To provide a consistent Looker user experience, we developed a LookML style guide. This provides rules for user-facing aspects such as naming conventions and how to ensure that users can navigate and explore the data effectively, as well as best practices under the hood. This is good for both end users as well as the engineering and analytics staff who develop the LookML models, views, and dashboards.

How do we evaluate LookML and flag any infractions? We developed a sweet and simple Python linter that runs these checks periodically and writes its finding — a report of which LookML dimensions, measures, or files passed or failed the rules — back into Looker itself, where they can be measured, dashboarded, and alerted. While we implemented 11 rules into the style guide (the declutter rule is difficult to define and alert against), we also made sure that the framework is very easy to extend if we want to create new rules. In fact, most rules are just 3–5 lines of code that evaluate whether a chunk of LookML is relevant for this rule and whether it passed. As such, we hope that the community can contribute to a larger suite of rules that we can all use.

Grapher

As developers write LookML code, they create different, interrelated files: models that define data sources, views that expose the dimensions and measures for some data source, and explores that group views into a logical unit, often around a data source.
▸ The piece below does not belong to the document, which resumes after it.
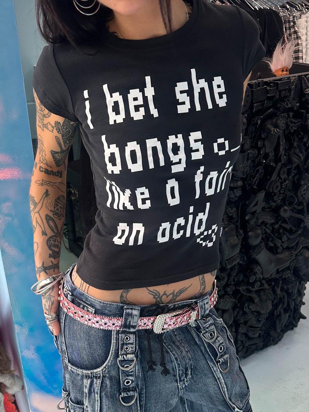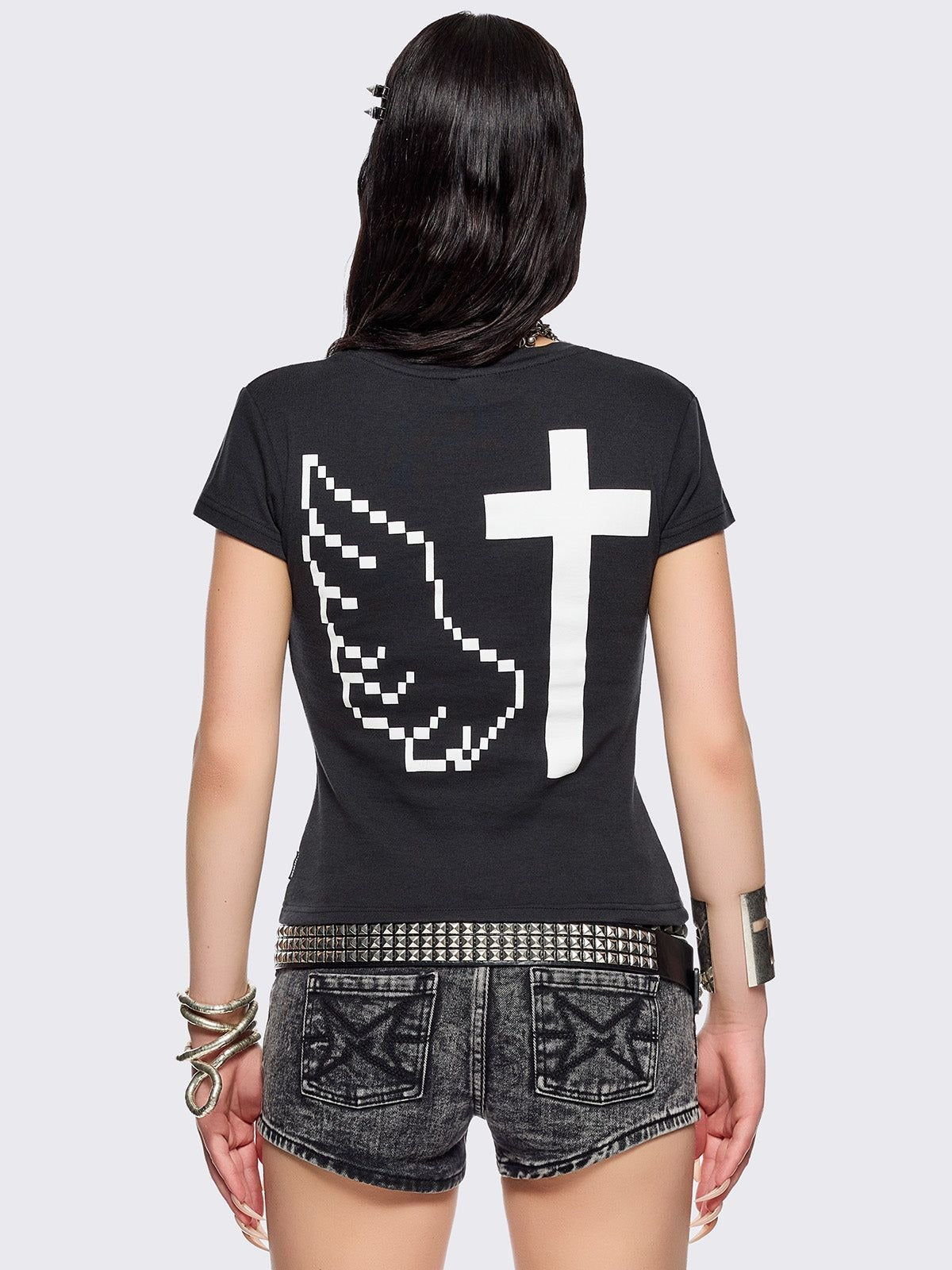 Don’t ask. Just read the damn tee. Black, slim fit, and loaded with attitude – with a bold slogan up front and a cross-and-wings print on the back.

For instance, perhaps the model defines a Google Analytics data source, and one view focuses on session data while another covers referrals, and the explore file groups sessions and referral views into a single GA-focussed unit.
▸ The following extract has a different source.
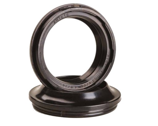 ARIETE najwyższej jakości komplet uszczelniaczy przedniego zawieszenia (teleskopów, lag). Materiał z jakiego są wykonane uszczelniacze to karboksylowany kauczuk butadienowo-nitrylowy, elastometr znany jako XNBR. Ten związek chemiczny oferuje unikalną odporność na ścieranie, na wysokie temperatury oraz stosowane kompleksowe smary z różnymi dodatkami. Zestaw z kompletem uszczelek firmy Ariete oraz olejem Motul fork oil.

When you have multiple developers building out the LookML, especially if they are new to a data source or to LookML development, you might test out ideas and start to lose the forest for the trees: it becomes hard to keep track of the bigger picture and relationships among these files. This is where the grapher comes in. This tool parses the LookML files and produces a network diagram to show the relationships.

In the example below, we can see the relationships between the models (blue), the explores (green), and the views (purple) as well as code reuse. Moreover, you can spot a single orange dot at the top. This is an orphan file, a view that is not referenced by any explore and represents dead code that can be removed from the repository.


An example network diagram showing the relationships among the models (blue), the explores (green), and the views (purple). The single orange node at the top is an orphan, a view not referenced by any explore.

Updater

Data is higher quality if it is defined. When Looker users mouse over a dimension or measure, a description of that term will pop up and help them understand what the metric means but only if a description is included in the LookML . We can check for that with our linter. However, where should those definitions originate?

While developers could add those into the LookML directly and manually themselves, they will inevitably get out of sync with other systems. Data is higher quality if it is consistently defined across systems, and many companies have multiple business intelligence tools. Thus, we wanted to create a system that took definitions from a master source and injected or updated them in the LookML automatically, creating a pull request for the LookML repository admins to review. This is the updater component of lookml-tools. As such, it solves both the syncing and consistency problem, enhancing data governance.


The updater tools take master reference definitions (in this example, from a data catalog), cross reference them with descriptions in the LookML, and update or inject the correct definition into LookML, creating a pull request for review.

In this case, we use a data catalog as our master source, and the updater queries from that master database to obtain the list. We maintain a mapping table from those master definitions to individual dimensions and measures, and then the updater parses the LookML repo. You don’t have to use a data catalog, you can just maintain a list of master definitions as a CSV file and lookml-tools can use that. The key is that you are freeing developers of a tedious but important task and delegating it to a machine: the code runs periodically in Docker.

We are excited to release lookml-tools:

We hope that others find this useful, and we would love feedback, suggestions, and hopefully contributions. Create a pull request!

@Carl_Anderson

This is a cross post from the original WW post at:

9 Likes

Hey @Carl_Anderson,

This is so good! I just wanted to add a comment about some issues I had getting this working (the grapher specifically) on a Mac, in case anyone else looking at this has similar problems.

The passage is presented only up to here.